__EXERCISE PROMPT__: Print exactly the lines from the one that contains "IBN builds upon" through the last line of the material, both included, and leave out all pictures.

__RECORDS TO USE__:
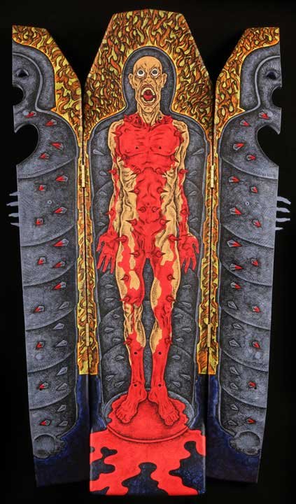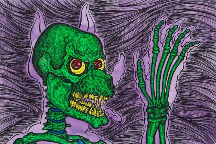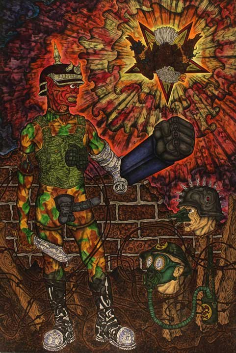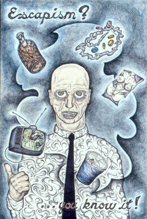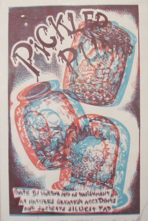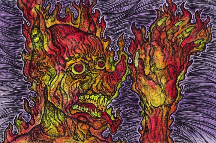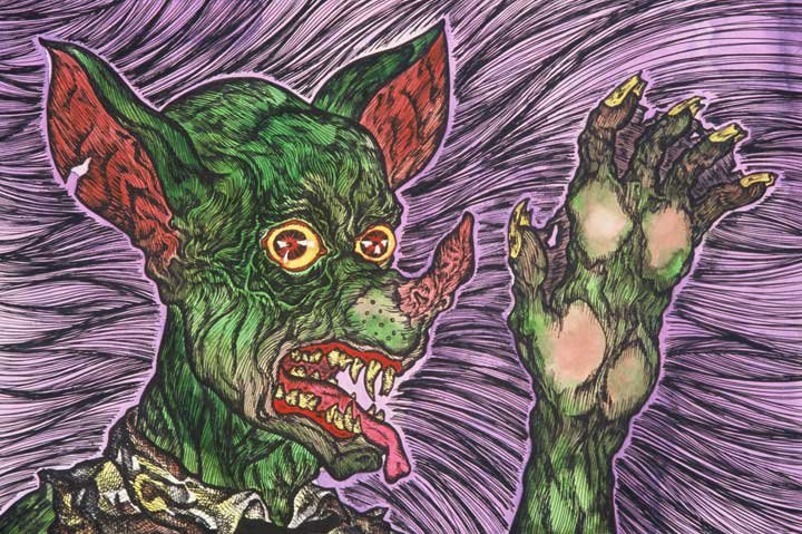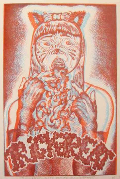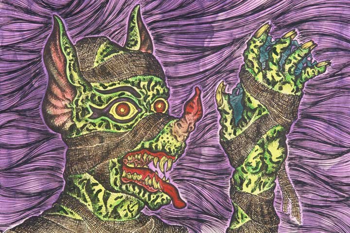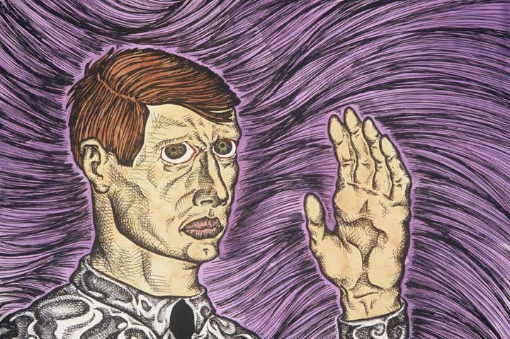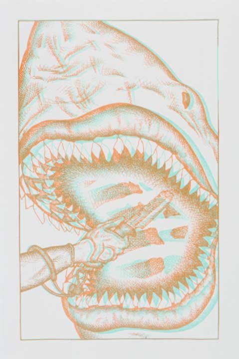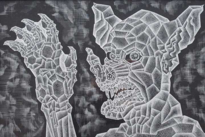 MF Gallery, fine purveyors of the eccentric and bizarre, are proud to present the collected works of one of their own. "Living In Interesting Times" is an exhibition of the drawings, paintings, prints and sculptures of Drew Maillard. There is an ancient Chinese curse that goes "May you live in interesting times." Drew Maillard was born and raised in America in the last quarter of the 20th century… A fascinating era to be sure. He is a product of his environment. Nature and nurture; habitat and conditioning combined. Drew’s adolescence was divided between comic books, horror and sci-fi films, and fantasizing about girls he didn’t talk to. Also there was Punk Rock and L.S.D.. After spending some time in the army and leaving his hometown in upstate NY, he received his Bachelor Of Fine Arts degree from SVA in 2000. His life experiences and travel, as well as an interest in scuba diving and ju-jitzu is what informs Drew’s crazy crazy artwork. Drew works in an originally distinctive style, which he creates with fervorous cross-hatching. He has been drawing near as long as he can remember, and shows no signs of letting up any time soon. He can spend days or months on a single drawing, hatching tiny little marks with a tiny little pen, or do a print edition start to finish in just one evening. Regardless of the choice of materials, he isn't afraid to get his hands dirty and jump in with both feet, head first. In the rising tide of media mediocrity and global standard cooling, it is necessary for someone to take a stand and proclaim in a loud forceful voice "This Shit Sucks!" And Drew will scream it from the rooftops... Figuratively and literally! At the Opening Party, Drew will be signing and drawing customized faces on special exclusive prints for only $30 each. He will also provide markers and give the audience a chance to customize their own prints. |
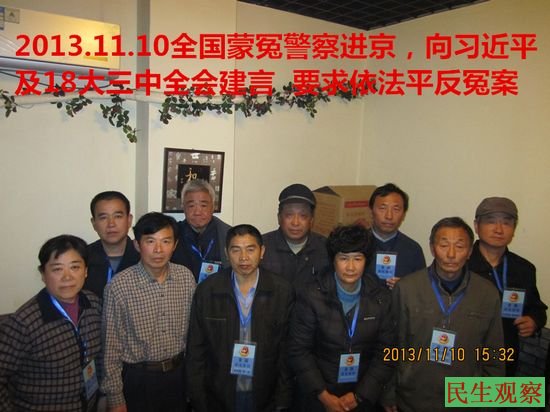 民生观察工作室2013-11-11消息:现在,中共十八届三中全会正在进行中,全国多个省市区的“蒙冤”警察进京喊冤。昨天,这批警察在北京聚会,除了表达自已的冤情外,还呼吁中央重视冤假错案的纠错与依法严惩错案、冤案的制造者,并向三中全会建言建议。
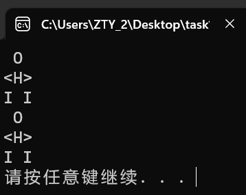 #define _CRT_SECURE_NO_WARNINGS #include <stdio.h> #include <stdlib.h> int main() { printf(" O \n"); printf("<H>\n"); printf("I I\n"); printf(" O \n"); printf("<H>\n"); printf("I I\n"); system("pause"); return 0; }
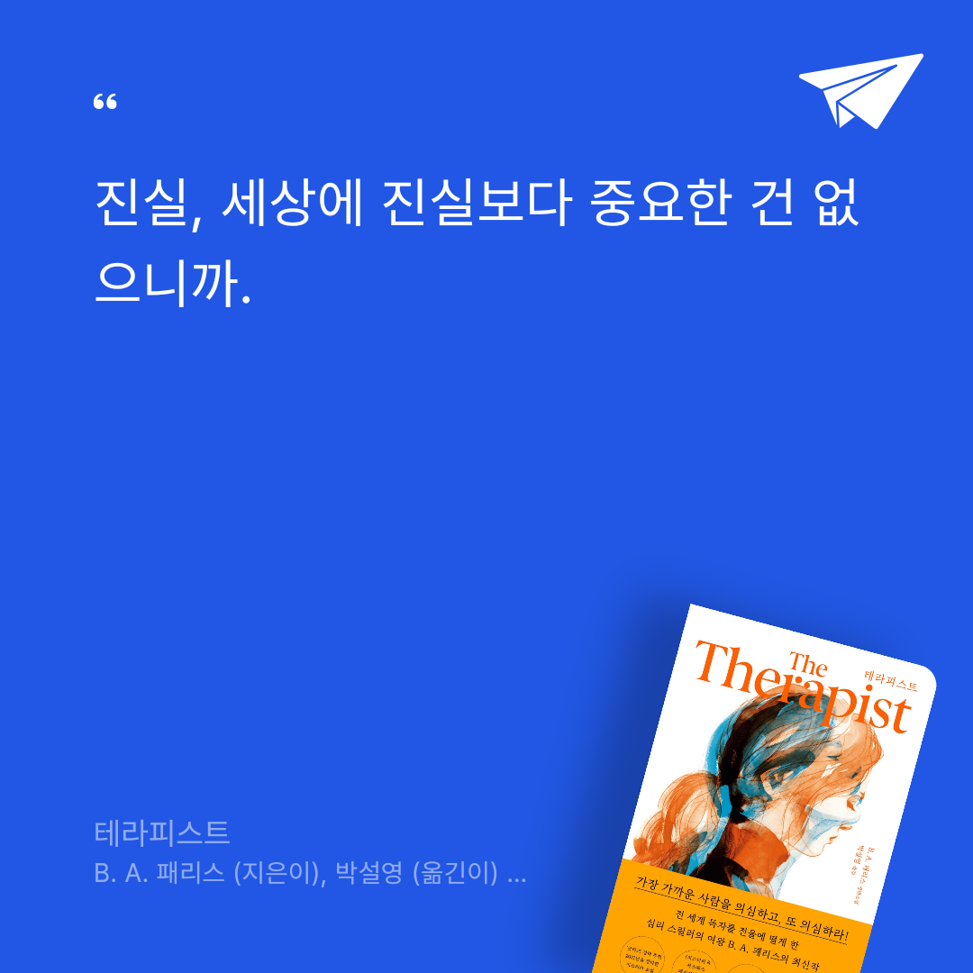 요약《테라피스트》(The Therapist)는 영국 작가 B. A. 패리스(B. A. Paris)의 심리 스릴러 소설로, 2021년 모모에서 박설영 번역으로 출간되었다(ISBN: 9791191043518). 《비하인드 도어》로 세계적 베스트셀러 작가가 된 패리스의 다섯 번째 작품으로, 런던의 고급 주택 단지 ‘더 서클’을 배경으로, 주인공 앨리스 도슨의 불안과 의심이 촉발하는 긴장감 넘치는 이야기를 그린다. 과거의 트라우마와 살인 사건의 비밀을 파헤치는 과정에서
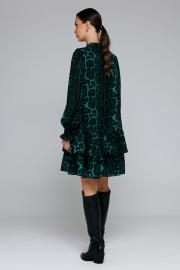 Платье А-силуэта. С втачным рукавом на резинках внизу. Полочка и спинка с притачными воланами по низу. Платье на подкладке. Воротник-стойка переходящий в завязку спереди. Горловина округлая с вырезом-каплей по переду.
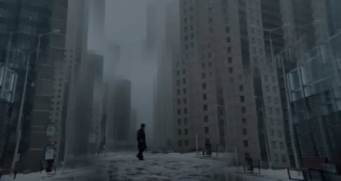С точки зрения визуала «Ласт квест» вчистую переигрывает большинство российских сериалов. Депрессивный Санкт-Петербург, где обитает Олежа, – жертва советского модернизма с домами на тысячу квартир. За окном вечно серое небо, герой общается по телефону с гигантскими говорящими головами, а в один момент он же плывет и метафорически тонет в абсолютном нигде. Каждый кадр просится в рамку и на стену.
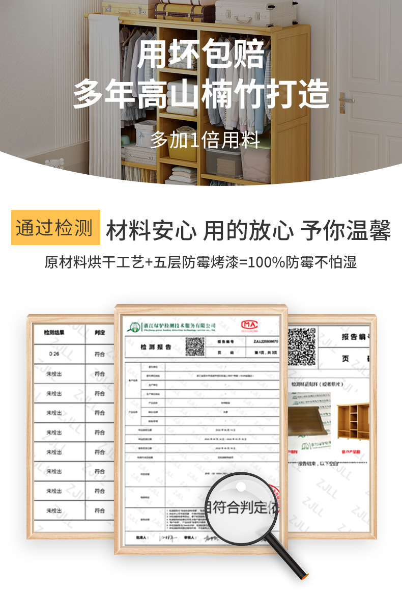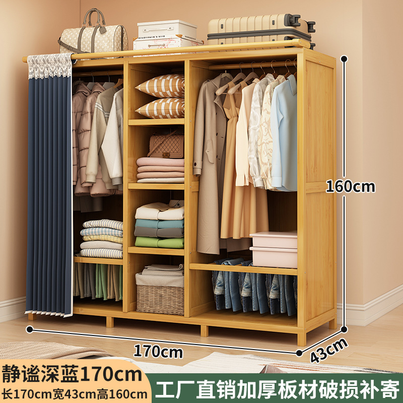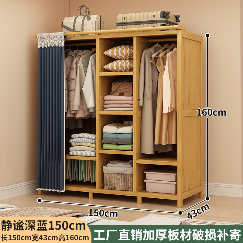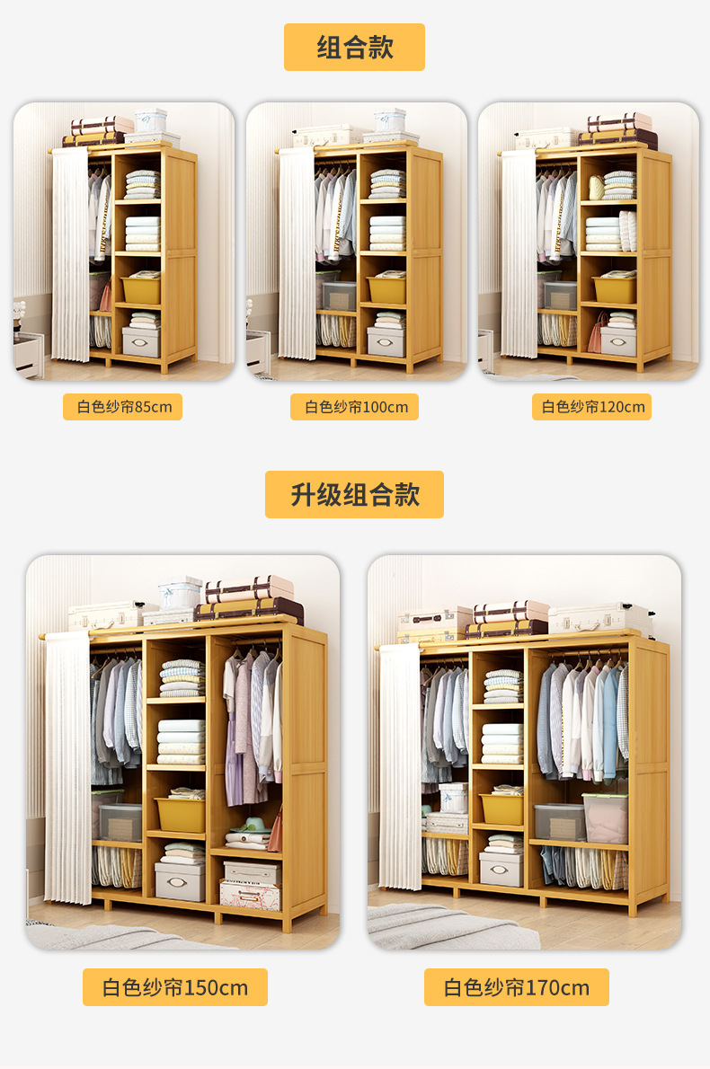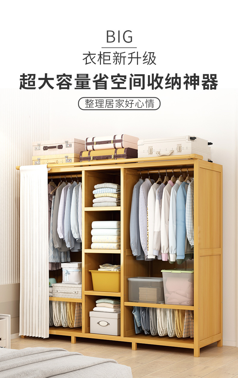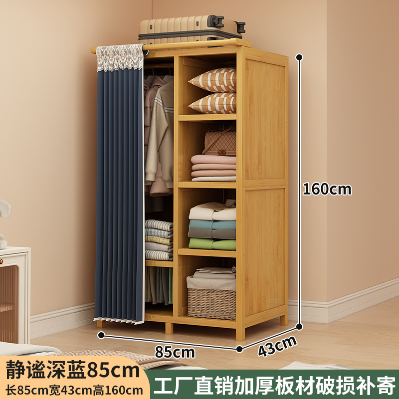옷장 옷걸이 공간 다실용 가정용 간편 임대용 모던 심플 대나무 기숙사 옷장 문 커튼 방진 캐비닛
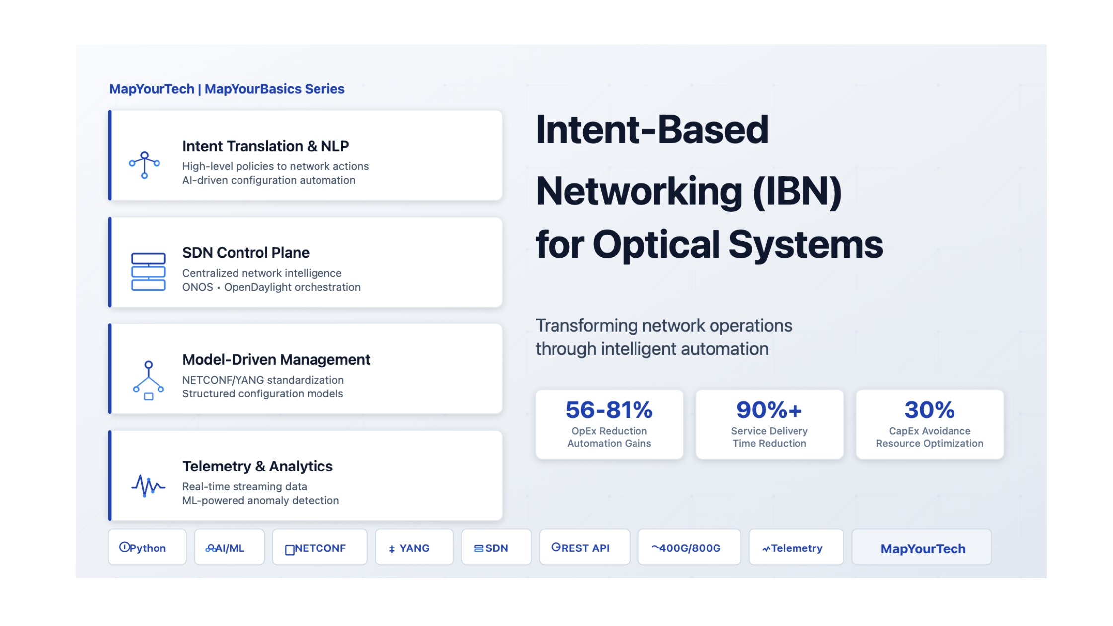 IBN builds upon SDN foundations by adding an abstraction layer that allows operators to define business objectives rather than technical implementations. The system automatically determines how to achieve these objectives by analyzing network topology, capacity, performance metrics, and service level agreements.
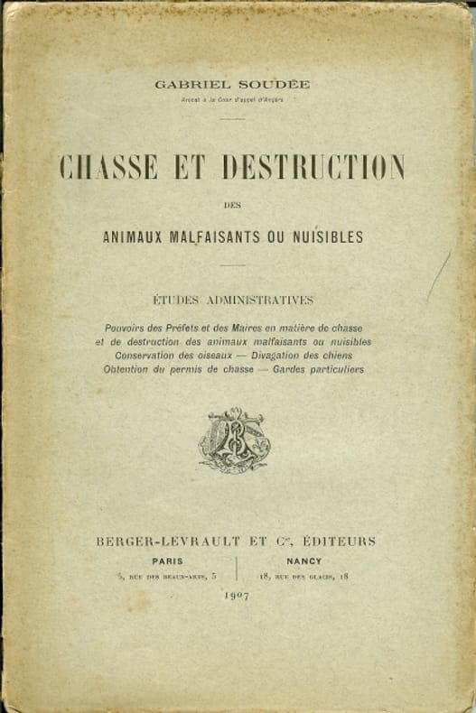 Etudes aministratives : pouvoirs des Préfets et des Maires en matière de chasse et de destruction des animaux malfaisants ou nuisibles - conservation des oiseaux - divagation des chiens - obtention du permis de chasse - gardes particuliers. Thiebaud col. 852.
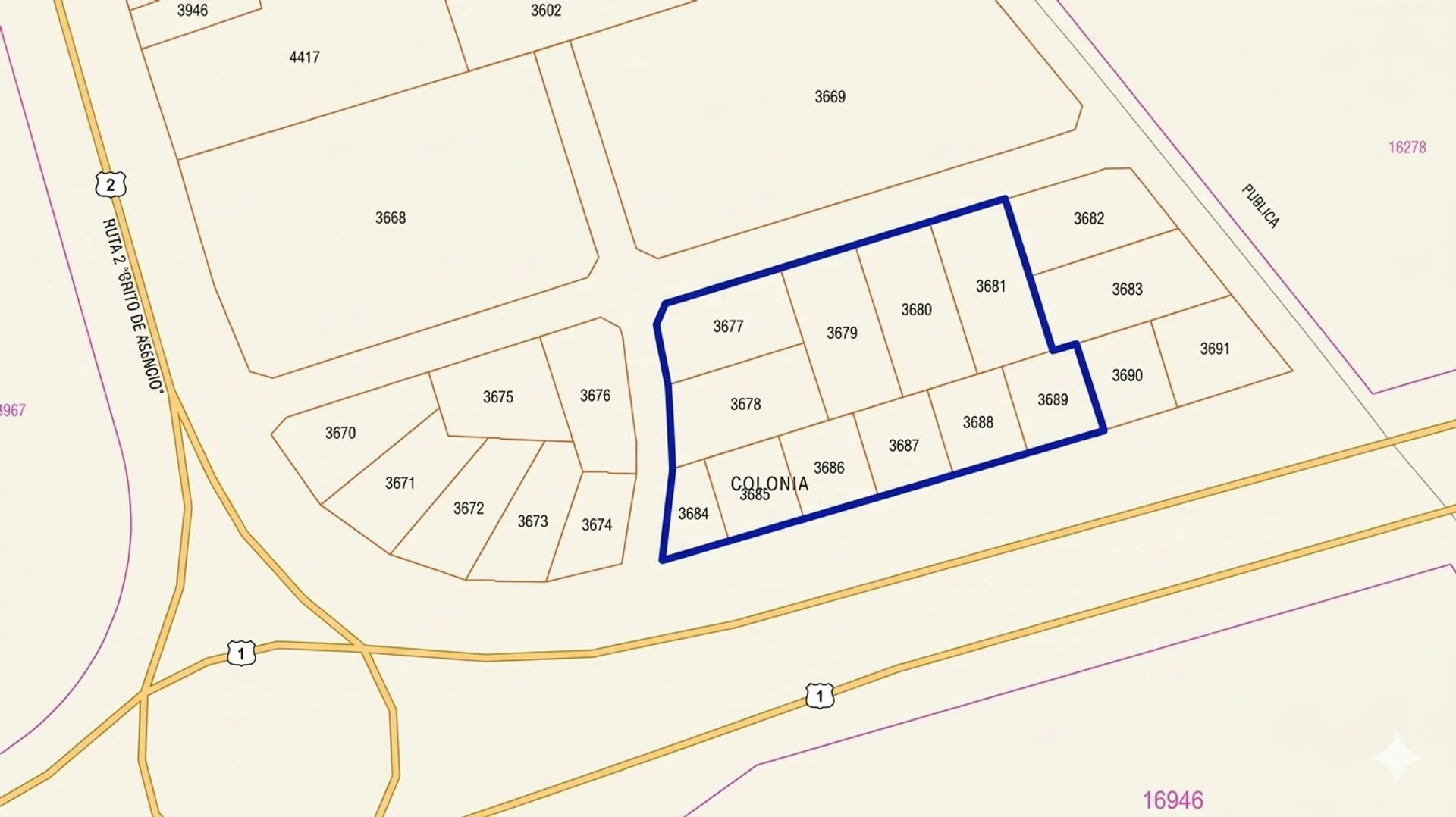 Superficie: 9.474 m² distribuidos en 8 padrones (3677 al 3681, 3684 al 3686).

__EXPECTED ANSWER__:
 IBN builds upon SDN foundations by adding an abstraction layer that allows operators to define business objectives rather than technical implementations. The system automatically determines how to achieve these objectives by analyzing network topology, capacity, performance metrics, and service level agreements.
 Etudes aministratives : pouvoirs des Préfets et des Maires en matière de chasse et de destruction des animaux malfaisants ou nuisibles - conservation des oiseaux - divagation des chiens - obtention du permis de chasse - gardes particuliers. Thiebaud col. 852.
 Superficie: 9.474 m² distribuidos en 8 padrones (3677 al 3681, 3684 al 3686).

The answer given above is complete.